A: You can have your data from Site Catalyst to be extracted via data warehouse and get it stored into your server. This can then be easily extracted into R. Alternatively, similar to the RGoogleanalytics package, there is a package named RSiteCatalyst. Here’s a link to the package homepage: http://cran.r-project.org/web/packages/RSiteCatalyst/
Q: How can I get this dataset from Google Analytics in the form of a table?
A: You can export your Google Analytics data into a .csv file and get it into R using the read.table() function.
Q: How exactly is machine language related to our situation?
A: Machine Learning is a class of algorithms that form the core of predictive models. These algorithms are based on Statistical and Mathematical formulas. Hence, a model built on these Machine Learning Algorithms can be used to predict the probabilities of occurrence of future events.
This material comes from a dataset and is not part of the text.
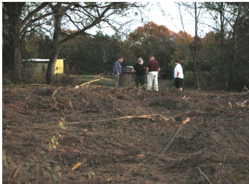
Gunnells Road Xylene Drum Elmore County, Alabama

Q: I didn’t see any equation when you were building the model? Did I miss something?
A: In the first argument to the glm function, we mentioned the Response and Predictor Variables separated by a ~ sign which forms the equation for that particular model. The response variable in our case was ‘label’ and we used all the rest of the variables as predictors. R has this neat way of describing all the variables in a data frame by a “.” (dot). If we need to type discrete variables names, we need to separate them by a + sign. In this case, the glm function would look like glm (label ~ Is_holiday + Is_gift + bSumPrice + bMinPrice).
Q: Can you please share the ‘differentiating factors’ about the approach Tatvic has took in Web Analytics using its ‘Web Analytics Framework’. Can we do whatever you have explained in this webinar using Tatvic’s ‘Web Analytics Framework’?
A: The key differentiating factors that we use in our approach while using Web Analytics Framework is focus on ROI part. Whatever activity we would carry out for you we would keep ROI in mind and help you win either at revenue part or help you identify redundant areas where cost can be optimized.
Regarding the second part of your question, we would say yes. The top end part of web analytics activity cycle leads to prediction, forecasting and personalization where you can use the learning from this webinar.
Q: Which R command was the machine learning algorithm?
A: We used the Logistic Regression technique for building the model. This was done using the glm() function.
Q: You demoed using transaction info, which is detailed data (lower level). The other reports in GA are aggregated. Is it applicable in this other cases too?
A: In our case, we wanted to know individual transaction ids where probability of returns is higher to bucket those individuals and send customized offers to ensure retention. However, you can use aggregate level parameters to check for example areas/regions from where you are getting maximum returns, etc. So, depending upon requirement, we can either focus on lower level or top level data sets.
Q: How do you determine the most important variables in the model?
A: In order to identify the important variables, we need to perform Univariate Analysis, in which we create the model with individual Predictor Variables one at a time and analyze the p-values for these variables. If the p-values are greater than the significance level (0.005), then these variables can be removed. At the end of this process, we end up with the statistically important variables. Alternatively, we can also check the correlations of the Response variables to each of the Predictor Variables. The variables with strong correlation can be regarded as important.
Q: Do you have a procedure for a complete predictive model, including refining what you did in the webinar?
A: Yes. An insight into all the steps associated with Predictive Modeling can be found here: http://bit.ly/1bZ4OIZ.
Q: What would be the best career advice for someone with software engineering background and currently studying MBA in US who is interested in predictive analytics?
A: Predictive Analytics is a very exciting field to work on. Data has the potential to solve a variety of problems. We would suggest starting out by exploring public datasets and also competing with other data scientists on real life problems like the ones on Kaggle.